A motivo dell’annuncio del Regno, della Pasqua di
Gesù Cristo e dell’effusione dello Spirito, l’attesa cristiana è contraddistinta da una peculiare tensione tra il
«già» e il «non ancora»: l’attesa cristiana si fonda infatti sull’evento della morte e resurrezione di Gesù Cristo.

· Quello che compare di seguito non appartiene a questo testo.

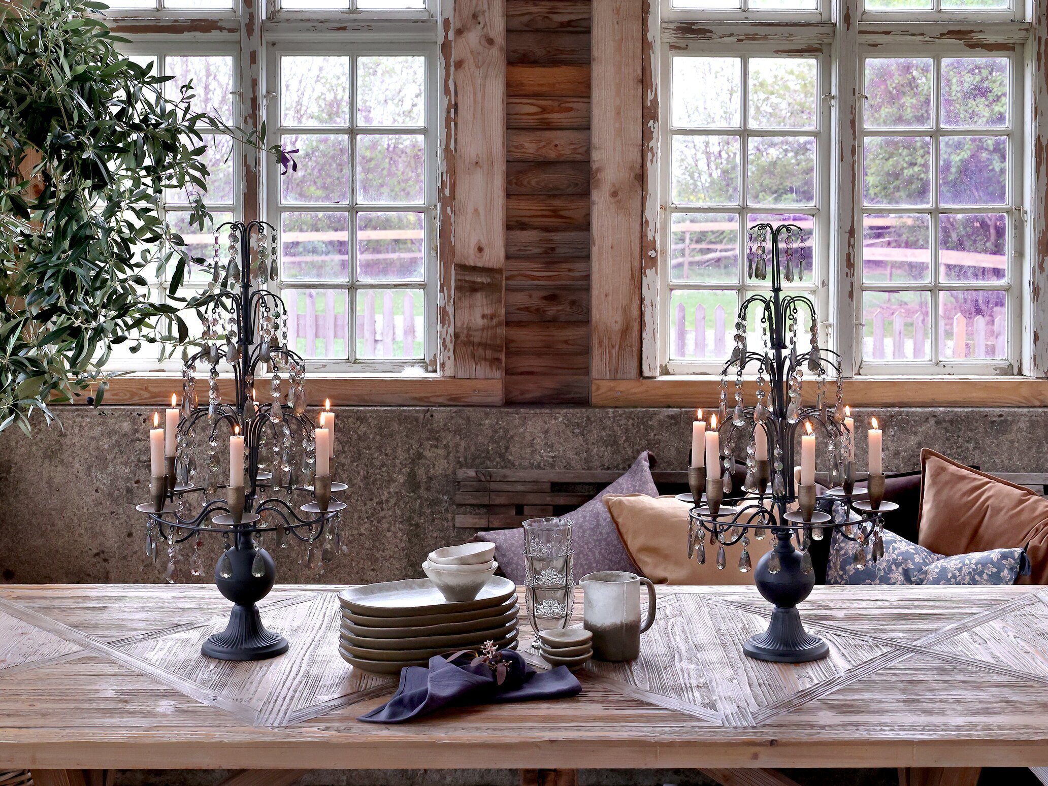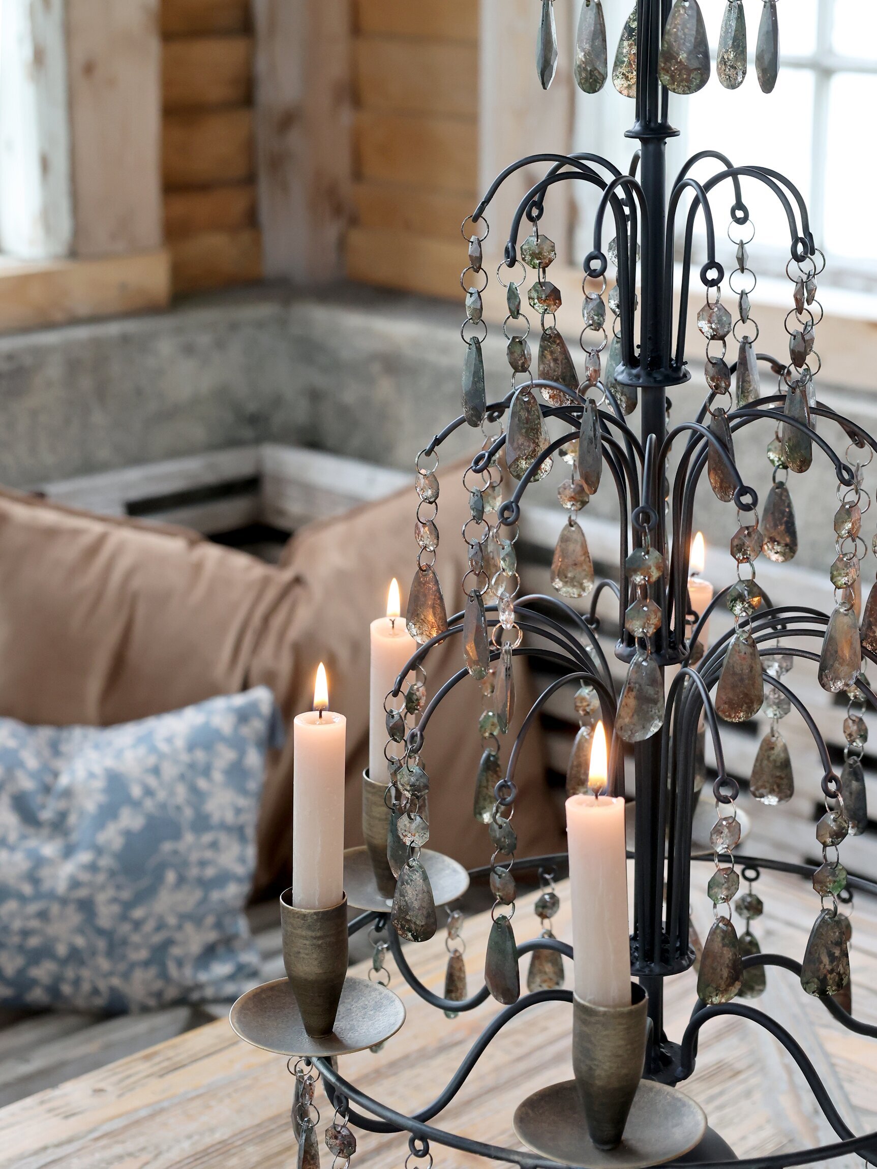 Skapa en stämningsfull och elegant atmosfär med denna praktfulla kandelaber från Chic Antique. Den klassiska designen med hängande prismor och plats för sex ljus sprider ett vackert sken och blir ett iögonfallande blickfång i rummet. Perfekt för festdukningen, middagsbordet eller som dekorativ detalj året runt.

In ambito ebraico un’analoga tensione è presente
tra la promessa e l’attesa del suo compimento. Un
detto ebraico afferma che il messia non è ancora venuto: per questo si può ancora sperare. Un altro detto sostiene che il vero messia è sempre quello ancora
da venire, mentre quello venuto è sempre falso. Le
due frasi ribadiscono il primato che, secondo la prevalente visione ebraica, l’età messianica ha rispetto
alla persona stessa del messia. Colta da parte ebraica,
la fede cristiana in Gesù appare rivolta verso un re
privo di regno messianico. Resta, però, ugualmente
vero che le vicende storiche degli ultimi secoli hanno
reso spesso arduo da parte ebraica vivere un’attesa
messianica perennemente dilazionata.
La ricerca di come vivere fedelmente, nel mondo
attuale, l’attesa messianica è un compito che si prospetta a un popolo ebraico che voglia assumere su di
sé la missione affidatagli da Dio. Dal canto suo, la testimonianza ebraica relativa alla natura non redenta
della storia si presenta ai cristiani come un pungolo
perenne tanto in relazione a una comprensione più
profonda della missione e dell’opera di Gesù Cristo,
quanto rispetto alla necessità di porre, di nuovo, al
centro della fede l’attesa della seconda venuta.
– Di fronte ai drammi del mondo, come possono
ebrei e cristiani, pur nella diversità delle loro rispettive attese, testimoniare la speranza nell’avvento definitivo della redenzione?